Wednesday 26 February 2014

Mfecane: The Image of Africa and the Land Question

On February 13th 2013, Dr Pieter Mulder of the Freedom Front Plus and Deputy Minister of Agriculture, gave a speech in Parliament inflaming a decades-old debate. It concerned the question how much of the land that is now South Africa was populated by blacks when European settlers began migrating north and east from the Cape Colony in the early to mid-1800s. His speech caused uproar, drawing a stinging rebuttal from President Zuma and a question by Defence Minister Lindiwe Sisulu asking whether it was Parliamentary for a member ‘to blatantly distort history.”

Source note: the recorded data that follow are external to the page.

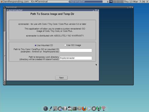 There is a norestore option listed and described in the documentation that tells Tiny Core not to restore any backups. Because I wanted to have my exact settings restored on each boot, I did not use that option. During the Ezremaster process, I specified my backup file. I also told the Ezremaster process to create an ISO file for me.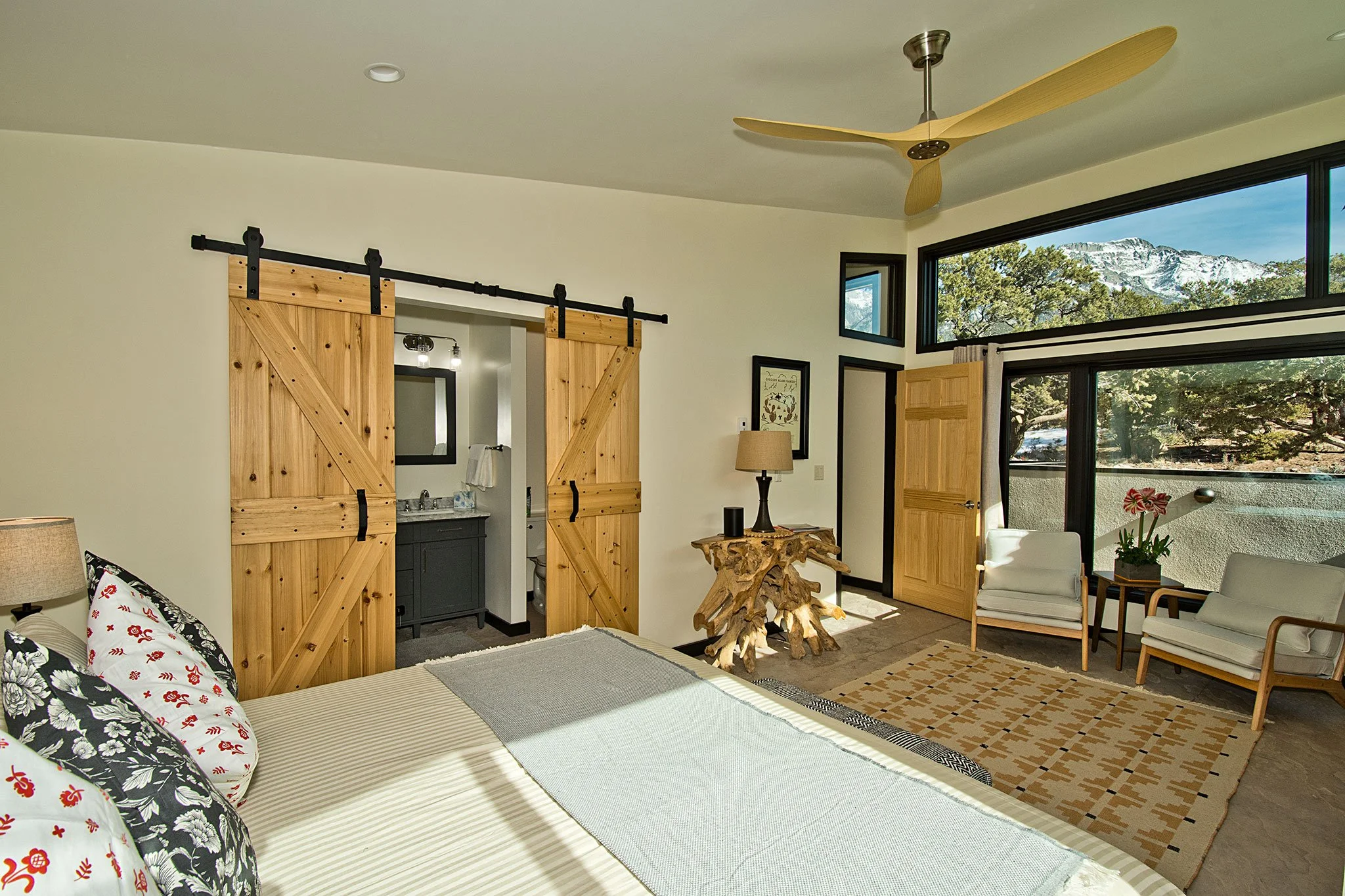 The Chalet is lovingly decorated with selections from local artists—light-filled and restorative—with drapes for nighttime privacy. You’ll also find a curated collection of books (including kids books), plus an entertainment cabinet stocked with Springbok puzzles and games. Settle in with premium seating, Sonos sound for easy music throughout your stay, high-quality linens, and a washer/dryer that makes longer trips painless. Pets are welcome, and we even keep doggie treats ready.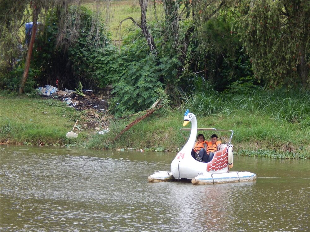 Mặt hồ tồn đọng quá nhiều rác khiến du khách không thể đạp vịt hết hồ. Ảnh: Hoàng Tỷ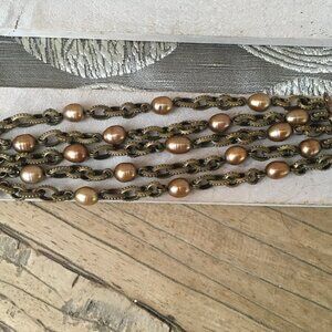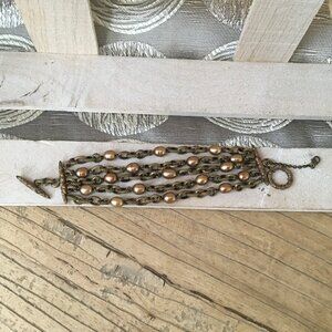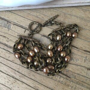 Stephen Dweck 5 Strand Bronze Link Bracelet with Gold Pearls

In his speech Mulder said “There are also differences of opinion about the influence of the Difaqane on land ownership. Read the diaries of the Voortrekkers about what they found when they moved into the interior.” What he was referring to is one of the most controversial episodes in South African history, controversial not just for what it meant for the people living at the time but also to historians of the period and contemporary politicians. The bare facts are not in dispute and involve mass migration of black tribes, insurgency by newly arriving white settlers and raiders, the rise of the Zulu nation to ascendancy, crop failures, cattle killings and starvation, slave labour, violent death on a horrendous scale and even cannibalism. What are disputed are the motive forces behind these unusual behaviour patterns, which poses the question: can we get to the truth and if so how does the truth help us solve the land question today?

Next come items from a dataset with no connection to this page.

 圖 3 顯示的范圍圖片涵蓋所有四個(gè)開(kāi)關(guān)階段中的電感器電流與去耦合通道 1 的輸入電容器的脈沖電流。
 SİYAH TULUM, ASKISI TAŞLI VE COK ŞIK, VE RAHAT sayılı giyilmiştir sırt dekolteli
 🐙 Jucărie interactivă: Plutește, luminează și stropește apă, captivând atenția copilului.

Since the early 20th century four broad paradigms have emerged, variously pointing to Zulu expansionism at one extreme and to the Cape Colony’s need for labour and cattle at the other. The first was championed by George McCall Theale in the late 1900s, and viewed Africans as inherently violent and inferior to Europeans. Then mid-20th Century came the revisionist, African nationalist-inspired interpretation which elevated African agency and self-determination to the fore, creating the Shaka-as-hero myth. In 1988, Julian Cobbing’s paper The Mfecane as alibi identified the prime mover as forced migration under the influence of Boer, Portuguese, British and Griqua settlers and raiders. Finally, with the appearance of a great deal of new evidence, a blend of the earlier theories is emerging which gives primacy not to one or other process but to a complex mix of forces.